Participants engaged with EVI 3 and GPT-4o directly on our survey platform via each API in a blind comparison. For Gemini and Sesame, participants were directed to their respective apps.

After each interaction, participants rated each models’ performance in expressing the requested emotion or style on a scale from 1 to 5.

Our model outperformed GPT-4o, Gemini, and Sesame in ratings of how well it acted out a wide range of target emotions and styles as instructed by participants.

Emotion understanding

To examine EVI 3's proficiency in understanding the user’s tone of voice, we designed an evaluation that controlled for language and assessed the model’s understanding of the tune, rhythm, and timbre of speech. Participants were asked to express nine distinct emotions while delivering the same query (e.g., “Can you tell what emotion is in my voice?”). EVI 3’s performance was compared to GPT-4o in a blind evaluation on our survey platform.

Participants were each asked to act out one of 9 specific emotions: Afraid, Amused, Angry, Disgusted, Distressed, Excited, Joyful, Sad, or Surprised. After each conversation, participants rated each model's accuracy in recognizing their expressed emotion, as well as the naturalness of its responses, using a 1-5 rating scale.

EVI 3 outperformed GPT-4o in identifying eight of the nine tested emotions and in the naturalness of its response.

Latency

EVI 3 is capable of delivering voice responses in under 300ms on state-of-the-art hardware. In practice, however, the latency experienced by an end user depends on a variety of additional factors, including network latency, traffic, and implementation details.
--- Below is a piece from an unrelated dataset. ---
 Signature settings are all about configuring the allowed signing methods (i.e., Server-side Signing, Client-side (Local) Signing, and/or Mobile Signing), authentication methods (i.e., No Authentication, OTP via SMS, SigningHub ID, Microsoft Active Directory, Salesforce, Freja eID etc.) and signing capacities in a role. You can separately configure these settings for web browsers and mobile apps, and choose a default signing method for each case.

While we are still improving our deployment of EVI 3, it is faster than other voice-to-voice models in our initial testing.
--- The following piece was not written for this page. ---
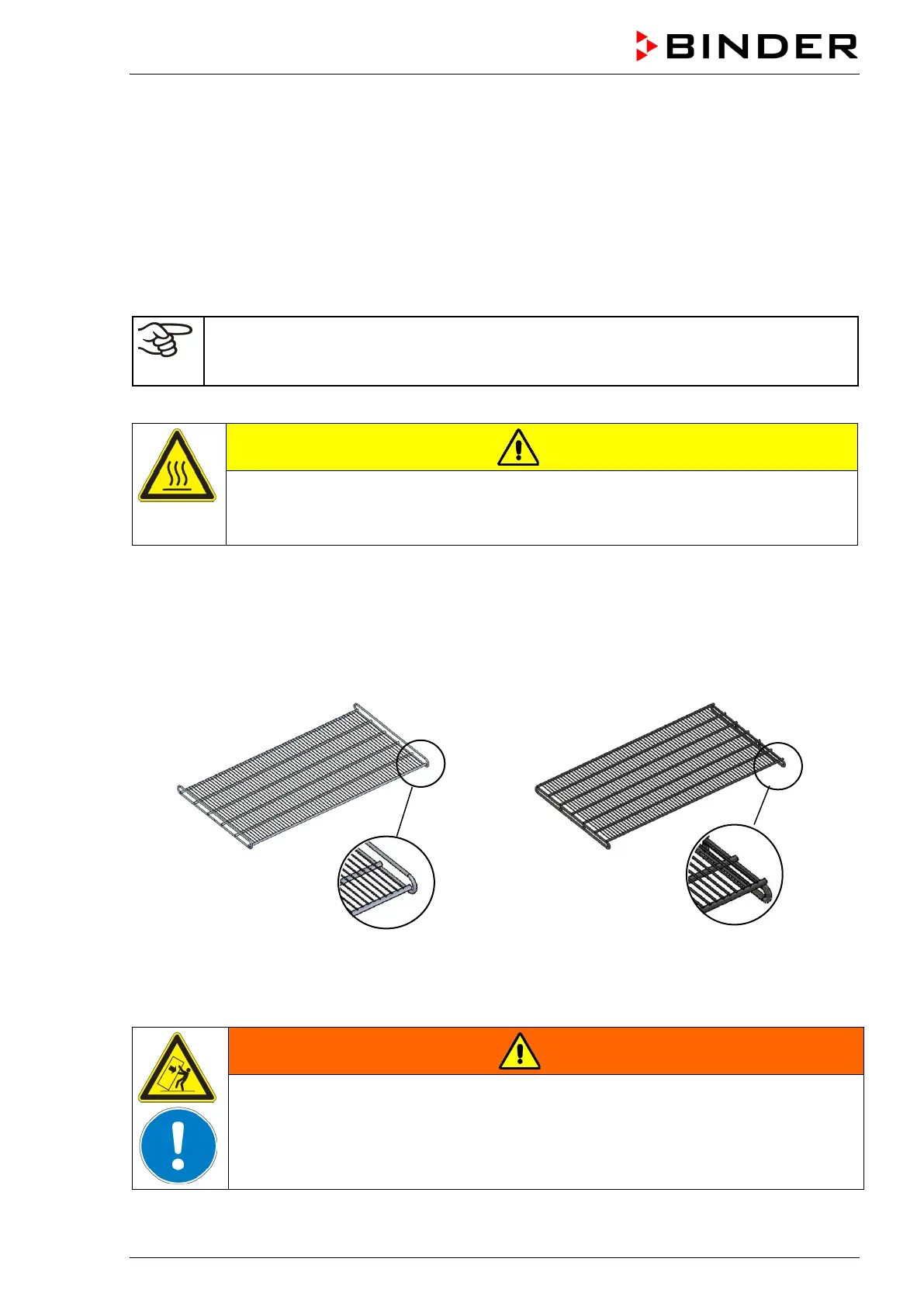 Optional heavy load rack: The lateral brackets must be below the rack surface when inserting the rack.

From our New York office, we compared the practical latency of EVI 3 to that of Gemini, GPT-4o, and Sesame. (EVI 3 is currently deployed on the U.S. West Coast.)

Model	Practical latency (interval between end of user speech and beginning of assistant speech)
Gemini Live API	1.2s-3.6s, averaging around 1.5s
GPT-4o via OpenAI Realtime API	2.5-3.1s, averaging around 2.6s
Sesame via web app	0.8-1.2s, averaging around 1s
EVI 3 via web app	0.9-1.4s, averaging around 1.2s

General access information

You can interact with EVI 3 today through our live demo and our iOS app. We plan to release API access in the coming weeks.

The model is still being trained. When it is released, it will be more proficient in other languages, particularly French, German, Italian, and Spanish. In the meantime, we’re excited to work with developers through our early access program.